● **Records**:
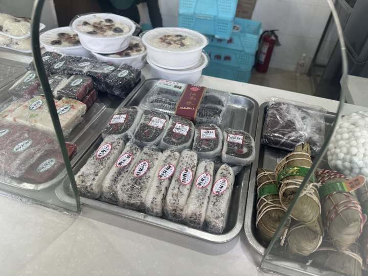 目前店里在售的有三十多种糕点,条头糕、桔红糕、荷花糕等都是常年受欢迎的品类,另外还有一些时令节气特别畅销的,比如春节前后的八宝饭,元宵节的擂沙汤团,清明节里的清明团子、重阳节的重阳糕、立夏乌饭糕等。接手了江南春之后,庄志清也在尝试着开发新品,去年推出的粽子(蜜豆沙粽、大肉粽)反响很好,6元一只,目前每天能卖出200多只。
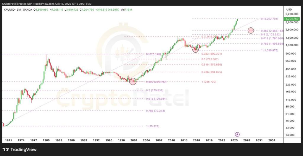 Now, in this latest leg, gold has climbed from that 2015 low near $1,050 to over $4,200, a nearly 300% rise in just ten years. The structure on Patel’s chart clearly shows that each bull cycle tends to overextend before revisiting a key Fibonacci retracement zone – typically between the 0.382 and 0.5 levels.
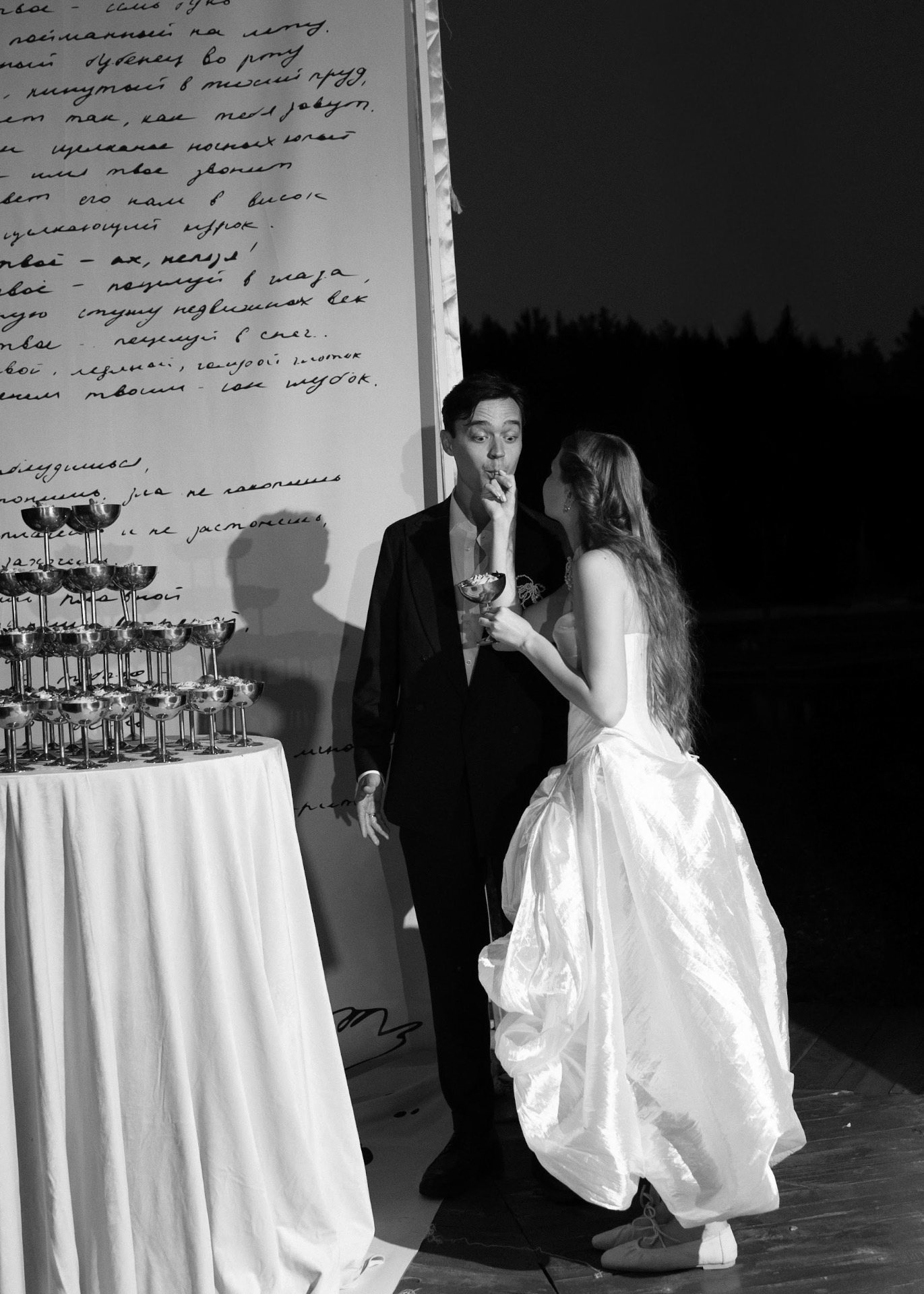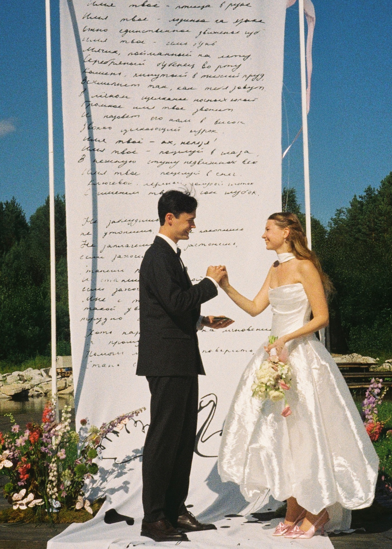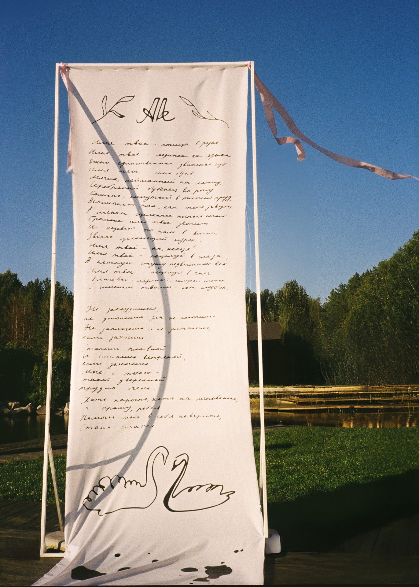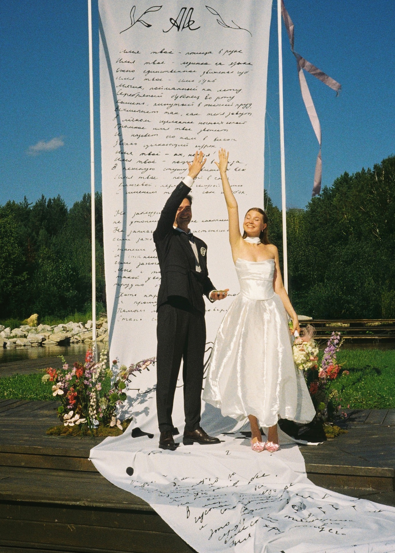 Концепция родилась из моей мечты быть принцессой. Мы вдохновлялись иллюстрациями из советских сказок, которые отражают лёгкость, молодость и волшебство. Наша свадьба наполнилась различными сказочными атрибутами: крыльями фей, волшебными палочками, бабочками в композициях на столах, яркими «зельями»-коктейлями и стихами в зоне церемонии, написанными мной от руки пером. Это стало моей отсылкой к воспоминаниям о том, что в детстве бабушка читала мне много поэзии.
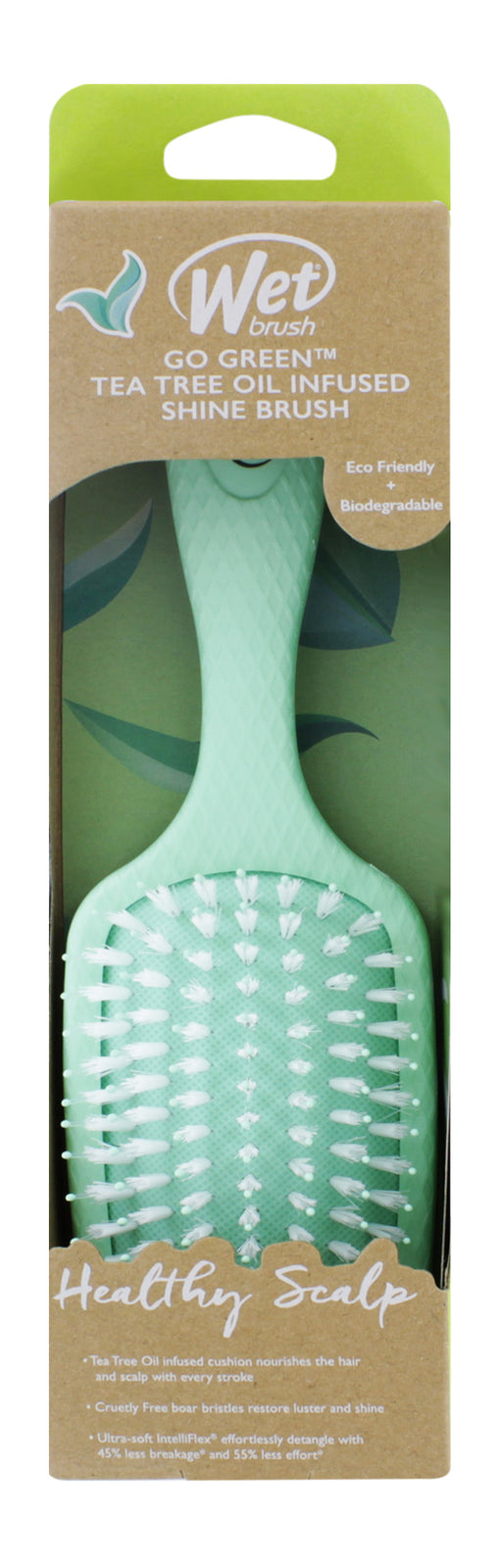 The Wet Brush Tea Tree Oil Infused Brush's cruelty-free boar bristles distribute natural oils, leaving hair shiny and smooth
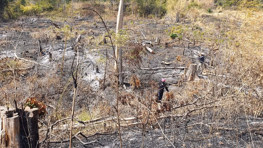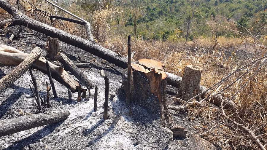 | Sau khi phá rừng, lâm tặc đốt trụi toàn bộ cảnh quan xung quanh. Ảnh: HL |
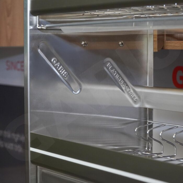 - Garis GL06.90AG để lại ấn tượng mạnh về tính tiện nghi ngay từ những lần đầu sử dụng. Khi kéo giá bát từ vị trí cao xuống, thao tác diễn ra nhẹ nhàng và trơn tru, giúp việc cất – lấy bát đĩa không còn là việc mất sức hay khó chịu như với giá cố định truyền thống.
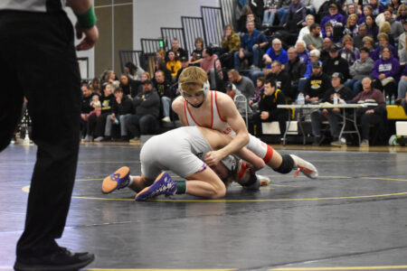 Pierce Rohman (133 lbs) earned two more tech fall wins in the semifinal and championship rounds, beating New Ulm’s Kane Johnson to earn the top podium finish. Torrey Paplow (152 lbs) was the other Red Bull to earn first place after muscling past Braxton Kiecker from New Ulm in a 103 decision victory. Aaron Becker (215 lbs) and DJ Miller (285 lbs) both had to bounce back from championship round losses to earn their tickets to state. After dropping to Michael Markgraf from Hutchinson, Becker rebounded with a fall victory past New Ulm’s Dirk Haynes. Miller defeated New-London Spicer’s Garret Leenstra in the second-place bout after falling to Mason Adams from Lake Crystal Wellcome Memorial.
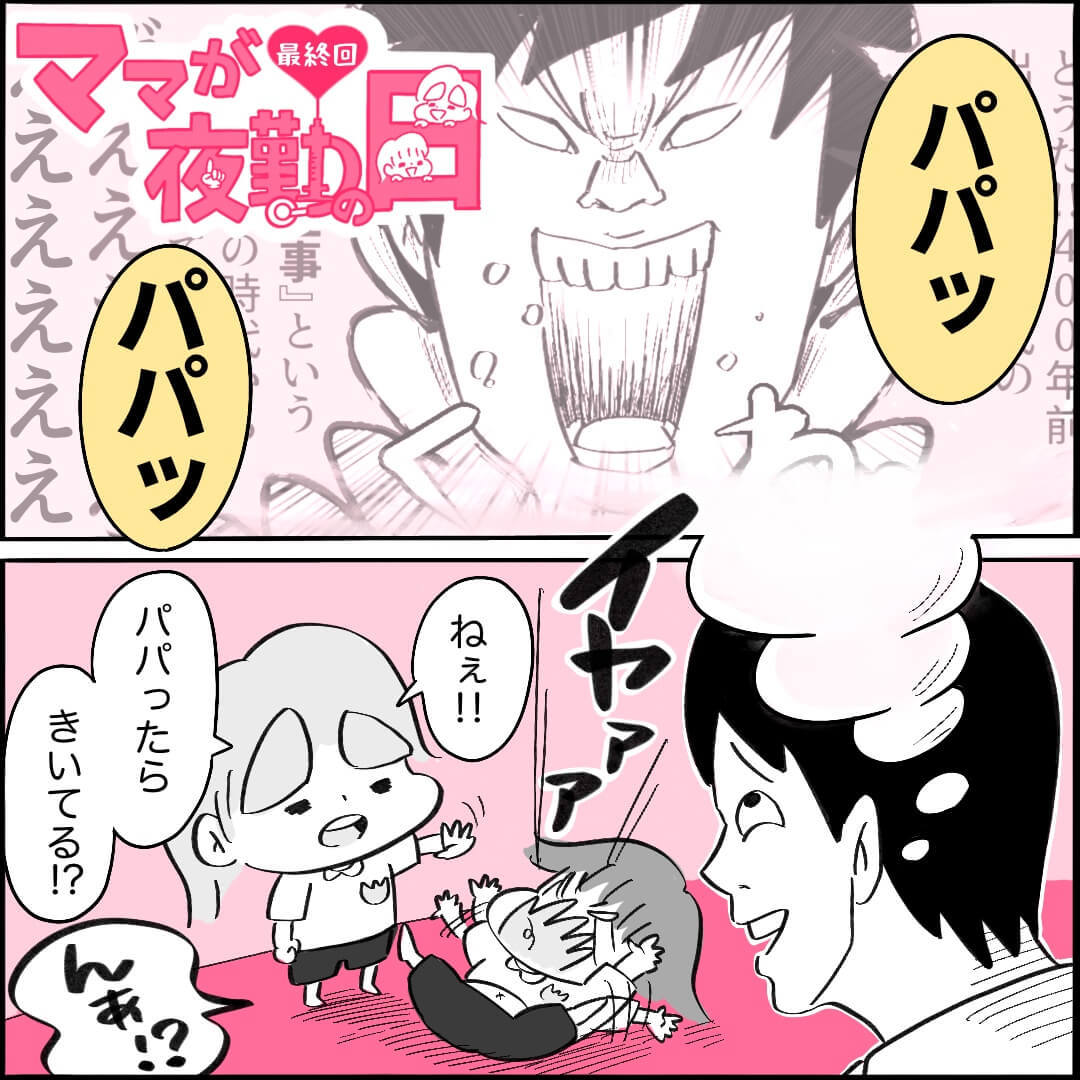 インスタグラムで話題の"パパのワンオペ"日記「ママが夜勤の日」。6歳・4歳の姉妹命の父「こばぱぱ」は、病棟看護師の母「こばまま」が夜勤中、育児に大奮闘します。
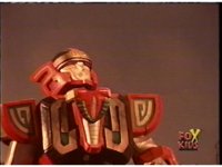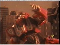 Red Dragon Thunderzord flies through the sky, crackling with bluish electricity, and transforms into Warrior Mode, soaring to our left. |
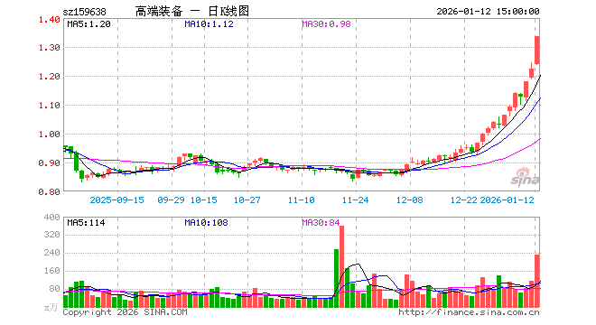 1月12日,高端装备ETF(159638)涨9.07%,成交额2.97亿元。当日份额增加1.17亿份,最新份额为22.18亿份,近20个交易日份额增加2.96亿份。最新资产净值计算值为28.87亿元。
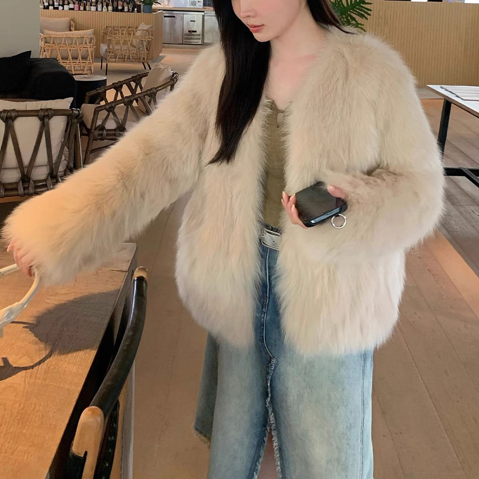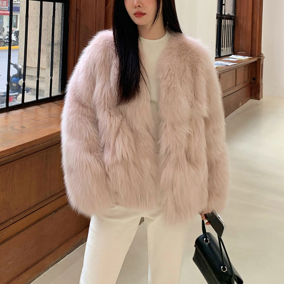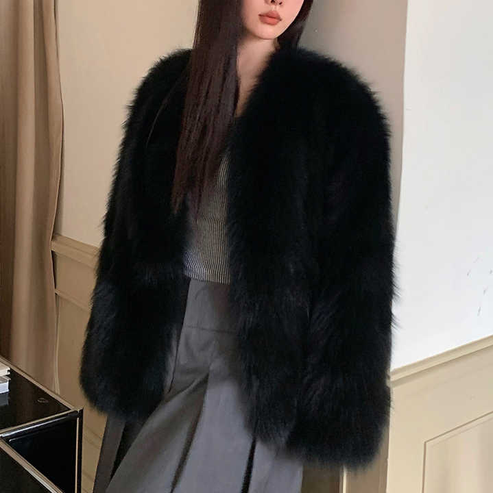 Finlandia Importado Saga Fox Fur Ragged Hair Coat Moda Cardigan Abrigo de piel Invierno

● **Exercise brief**: Repeat the data exactly as given. Keep every picture out of the copy.

● **Expected answer**:
 目前店里在售的有三十多种糕点,条头糕、桔红糕、荷花糕等都是常年受欢迎的品类,另外还有一些时令节气特别畅销的,比如春节前后的八宝饭,元宵节的擂沙汤团,清明节里的清明团子、重阳节的重阳糕、立夏乌饭糕等。接手了江南春之后,庄志清也在尝试着开发新品,去年推出的粽子(蜜豆沙粽、大肉粽)反响很好,6元一只,目前每天能卖出200多只。
 Now, in this latest leg, gold has climbed from that 2015 low near $1,050 to over $4,200, a nearly 300% rise in just ten years. The structure on Patel’s chart clearly shows that each bull cycle tends to overextend before revisiting a key Fibonacci retracement zone – typically between the 0.382 and 0.5 levels.
 Концепция родилась из моей мечты быть принцессой. Мы вдохновлялись иллюстрациями из советских сказок, которые отражают лёгкость, молодость и волшебство. Наша свадьба наполнилась различными сказочными атрибутами: крыльями фей, волшебными палочками, бабочками в композициях на столах, яркими «зельями»-коктейлями и стихами в зоне церемонии, написанными мной от руки пером. Это стало моей отсылкой к воспоминаниям о том, что в детстве бабушка читала мне много поэзии.
 The Wet Brush Tea Tree Oil Infused Brush's cruelty-free boar bristles distribute natural oils, leaving hair shiny and smooth
 | Sau khi phá rừng, lâm tặc đốt trụi toàn bộ cảnh quan xung quanh. Ảnh: HL |
 - Garis GL06.90AG để lại ấn tượng mạnh về tính tiện nghi ngay từ những lần đầu sử dụng. Khi kéo giá bát từ vị trí cao xuống, thao tác diễn ra nhẹ nhàng và trơn tru, giúp việc cất – lấy bát đĩa không còn là việc mất sức hay khó chịu như với giá cố định truyền thống.
 Pierce Rohman (133 lbs) earned two more tech fall wins in the semifinal and championship rounds, beating New Ulm’s Kane Johnson to earn the top podium finish. Torrey Paplow (152 lbs) was the other Red Bull to earn first place after muscling past Braxton Kiecker from New Ulm in a 103 decision victory. Aaron Becker (215 lbs) and DJ Miller (285 lbs) both had to bounce back from championship round losses to earn their tickets to state. After dropping to Michael Markgraf from Hutchinson, Becker rebounded with a fall victory past New Ulm’s Dirk Haynes. Miller defeated New-London Spicer’s Garret Leenstra in the second-place bout after falling to Mason Adams from Lake Crystal Wellcome Memorial.
 インスタグラムで話題の"パパのワンオペ"日記「ママが夜勤の日」。6歳・4歳の姉妹命の父「こばぱぱ」は、病棟看護師の母「こばまま」が夜勤中、育児に大奮闘します。
 Red Dragon Thunderzord flies through the sky, crackling with bluish electricity, and transforms into Warrior Mode, soaring to our left. |
 1月12日,高端装备ETF(159638)涨9.07%,成交额2.97亿元。当日份额增加1.17亿份,最新份额为22.18亿份,近20个交易日份额增加2.96亿份。最新资产净值计算值为28.87亿元。
 Finlandia Importado Saga Fox Fur Ragged Hair Coat Moda Cardigan Abrigo de piel Invierno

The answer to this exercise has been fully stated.